→ EXERCISE DIRECTIONS: Only one stretch of the data below is needed. Output the lines from the one with "Черный, необработанная шерсть, узор" up to and including the one with "cross section. |", exactly as they stand.

→ TASK DATA:

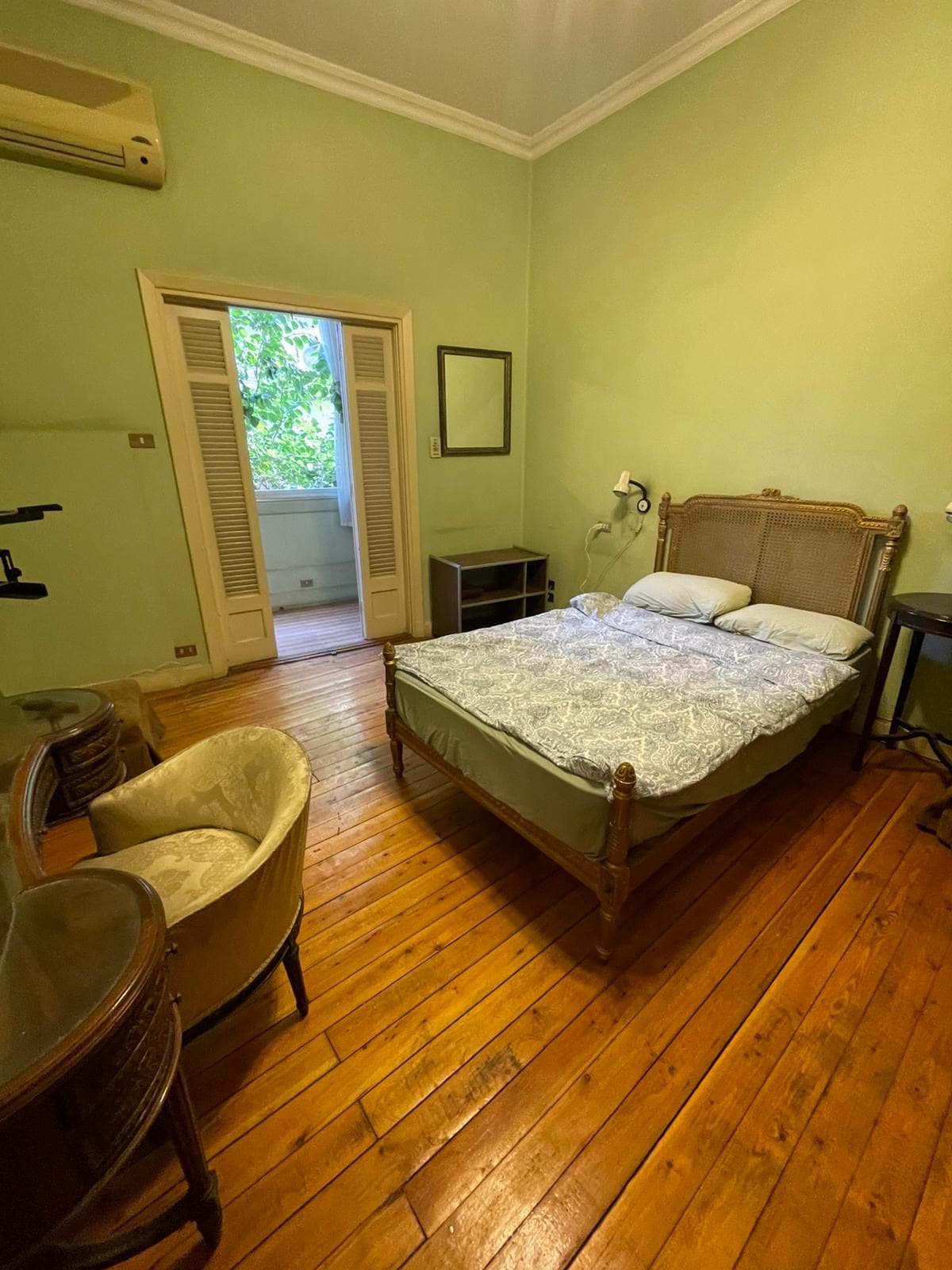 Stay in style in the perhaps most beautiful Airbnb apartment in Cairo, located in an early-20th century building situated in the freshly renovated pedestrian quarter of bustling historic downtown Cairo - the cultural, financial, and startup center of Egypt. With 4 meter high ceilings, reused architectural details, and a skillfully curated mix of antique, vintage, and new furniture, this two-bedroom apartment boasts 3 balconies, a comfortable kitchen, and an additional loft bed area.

--

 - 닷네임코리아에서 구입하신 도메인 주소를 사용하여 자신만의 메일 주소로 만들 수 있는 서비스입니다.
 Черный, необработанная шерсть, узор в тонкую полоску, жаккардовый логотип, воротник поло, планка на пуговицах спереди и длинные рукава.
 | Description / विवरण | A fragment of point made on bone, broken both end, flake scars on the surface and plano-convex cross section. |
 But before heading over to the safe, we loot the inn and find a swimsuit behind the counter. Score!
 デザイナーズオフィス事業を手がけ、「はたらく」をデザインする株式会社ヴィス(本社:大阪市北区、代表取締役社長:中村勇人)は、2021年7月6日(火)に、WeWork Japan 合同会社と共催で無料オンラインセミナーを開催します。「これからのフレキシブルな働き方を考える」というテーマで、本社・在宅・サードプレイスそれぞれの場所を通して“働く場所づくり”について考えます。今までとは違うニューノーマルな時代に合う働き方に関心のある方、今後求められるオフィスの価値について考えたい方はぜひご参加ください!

→ RESULT:
 Черный, необработанная шерсть, узор в тонкую полоску, жаккардовый логотип, воротник поло, планка на пуговицах спереди и длинные рукава.
 | Description / विवरण | A fragment of point made on bone, broken both end, flake scars on the surface and plano-convex cross section. |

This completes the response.